“Aplicación de disipadores de energía tipo ADAS/TADAS a una configuración estructural, ubicada en la ciudad de Pujilí, por el método del espectro capacidad”.

Abstract

"APPLICATION OF ADAS/TADAS-TYPE ENERGY DISSIPATORS TO A STRUCTURAL CONFIGURATION LOCATED IN THE CITY OF PUJILÍ USING THE CAPACITY SPECTRUM METHOD." MODALIDAD DE TITULACIÓN: Degree project with applied research and/or development components. AUTHOR: Ing. José Luis Claudio Benites DIRECTOR: Ing. Freddy Fernando Cañizares Ortega, Mg. DATE: 18 de marzo del 2025. EXECUTIVE SUMMARY The growing concern for the safety and stability of structures under dynamic loads, such as earthquakes and wind, has driven the search for innovative solutions in structural engineering. In this context, ADAS/TADAS-type energy dissipators have emerged as an effective technology to mitigate vibrations and oscillations in buildings, bridges, and other infrastructures.
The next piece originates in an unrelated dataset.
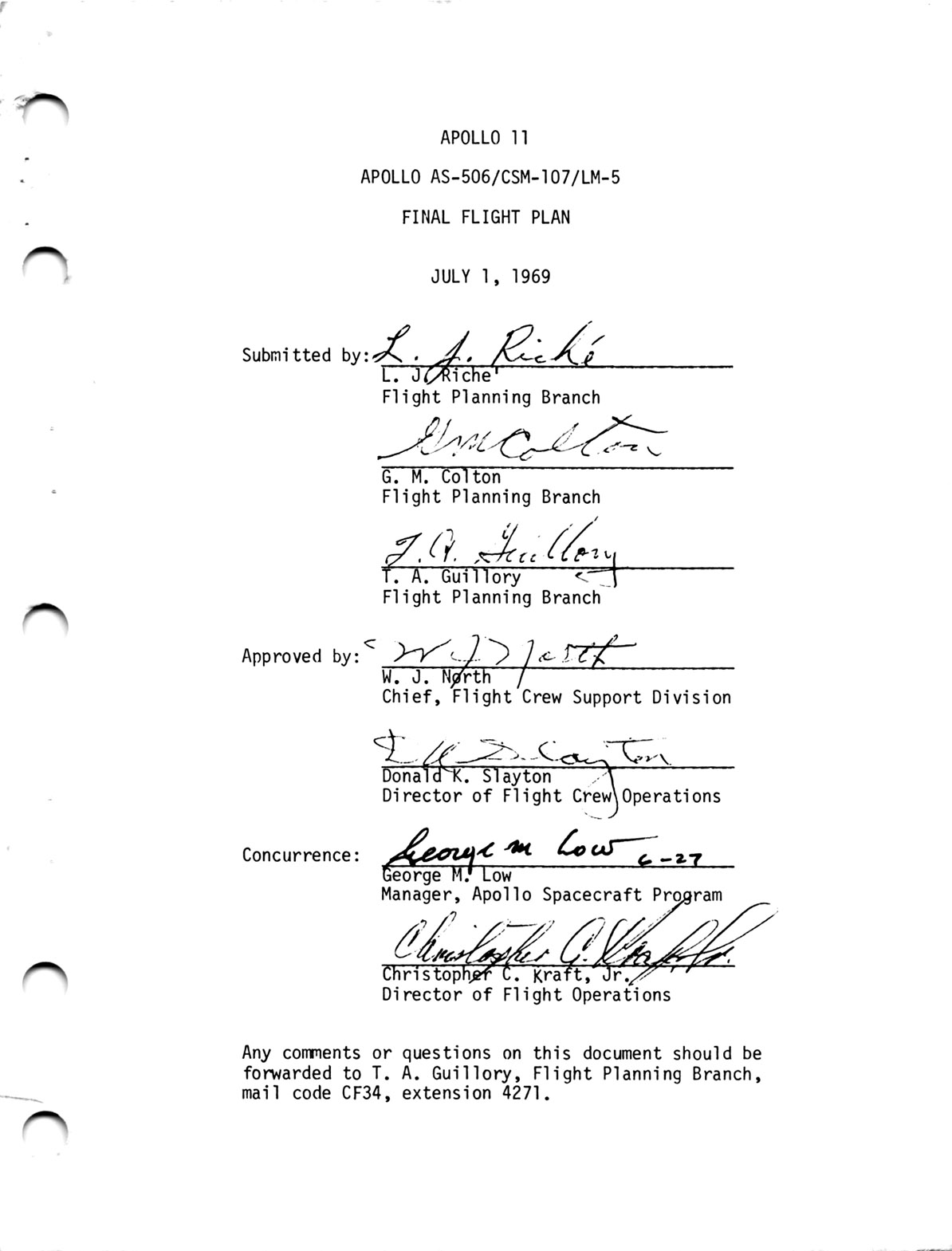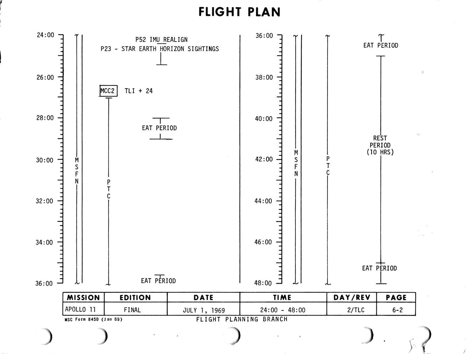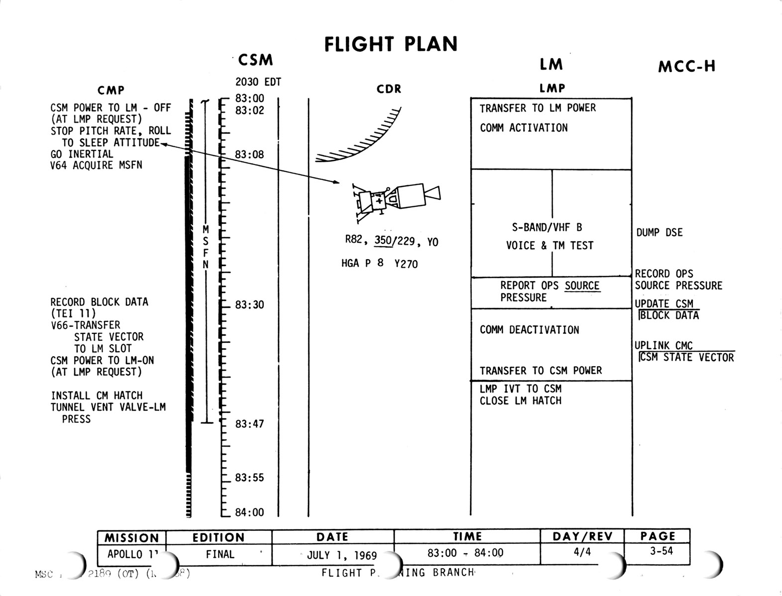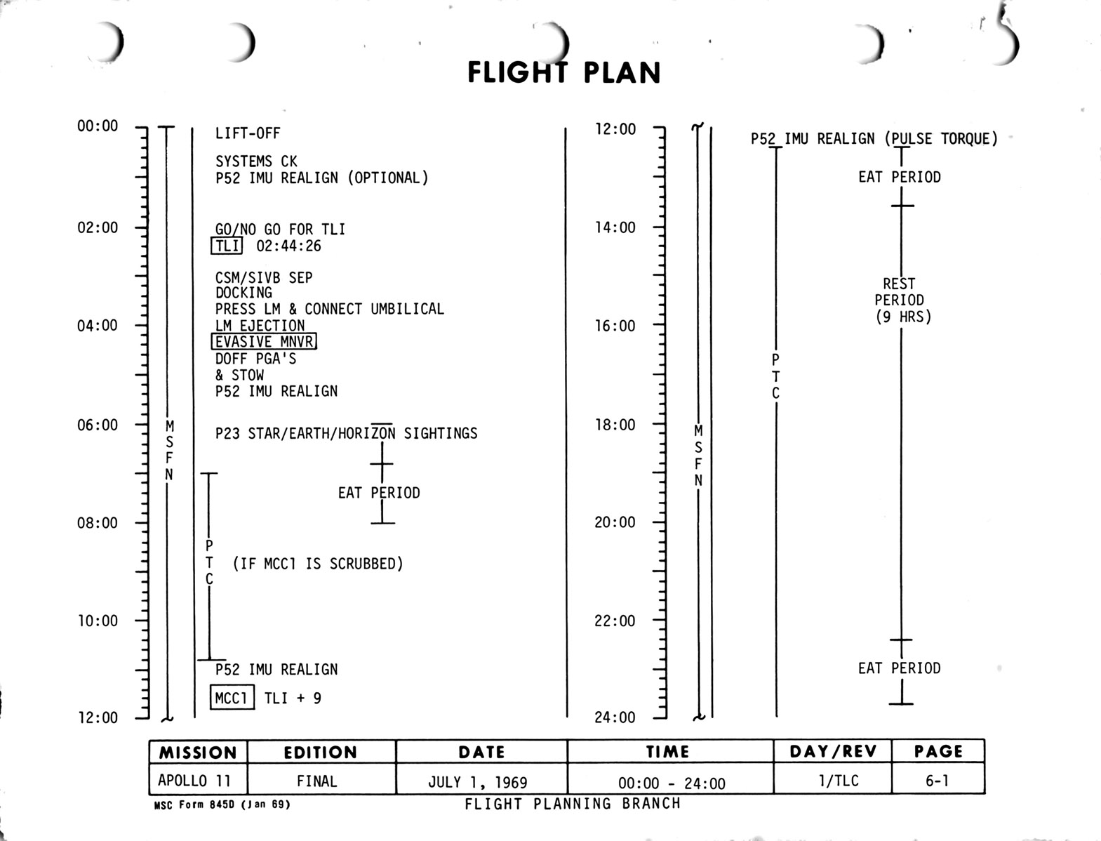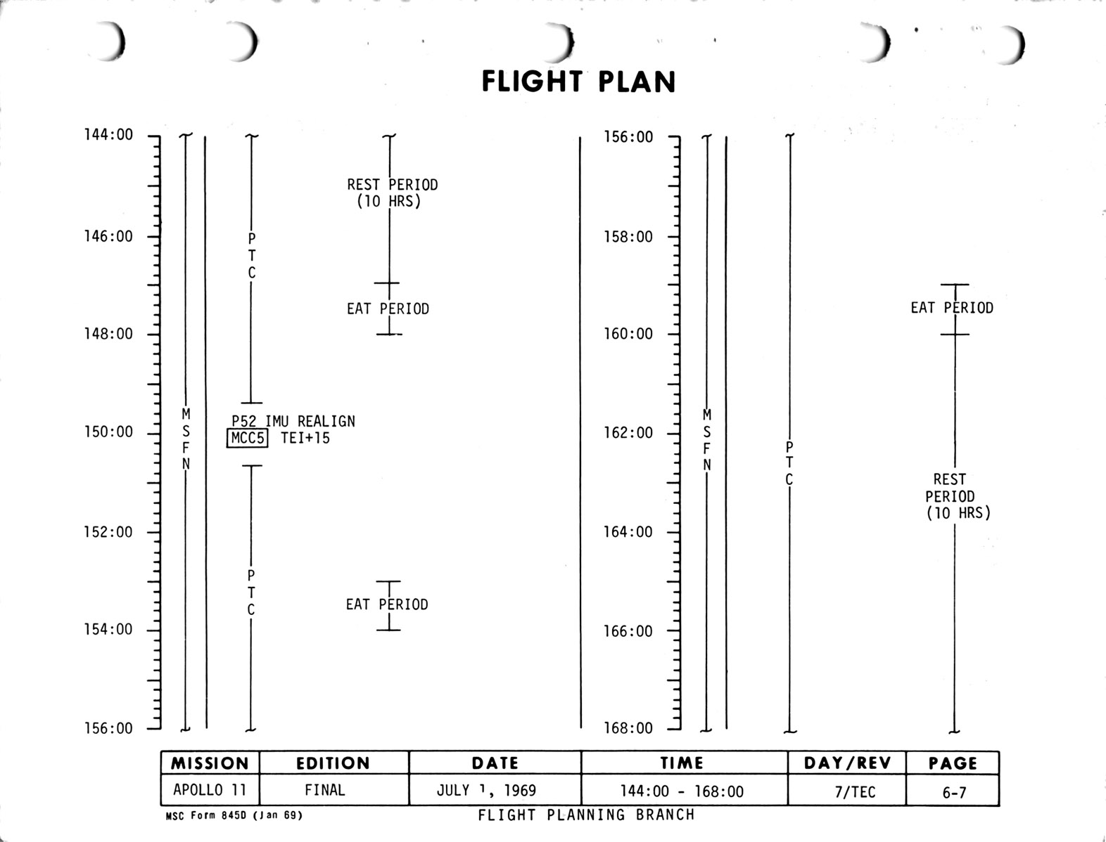 The Flight Plan presented here is not identical to that used on board but there are likely to be very few differences. These pages were derived from a PDF of a scan of the Flight Plan that was sent to the Honeysuckle Creek Tracking Station in Australia few days prior to the flight. The PDF was created by Colin Mackellar for the honeysucklecreek.net website and can be downloaded here.

These devices absorb and dissipate the kinetic energy generated by external forces, reducing the impact of seismic events and enhancing structural resilience. Their implementation not only increases the safety of structures but also contributes to lowering maintenance and repair costs by minimizing structural damage. Additionally, their design allows for greater comfort for occupants, especially in high-rise buildings where wind effects can cause discomfort. To evaluate the effectiveness of ADAS/TADAS dissipators, an analysis was conducted based on customized structural design criteria, considering variables such as geographic location, expected dynamic loads, and specific characteristics of each project. Numerical studies and computer simulations were carried out to assess their performance under various loading conditions. Furthermore, structures with and xv without dissipators were compared, showing significant differences in terms of displacement reduction and induced stress mitigation. The most commonly evaluated applications included skyscrapers, where these devices enhance stability against wind and seismic forces; bridges, where they help control vibration and extend service life; and industrial structures, where they protect sensitive equipment from excessive oscillations. The results showed a significant reduction in vibrations and oscillations, improving structural stability and occupant safety. However, future research may focus on optimizing materials and configurations to maximize efficiency and economic feasibility.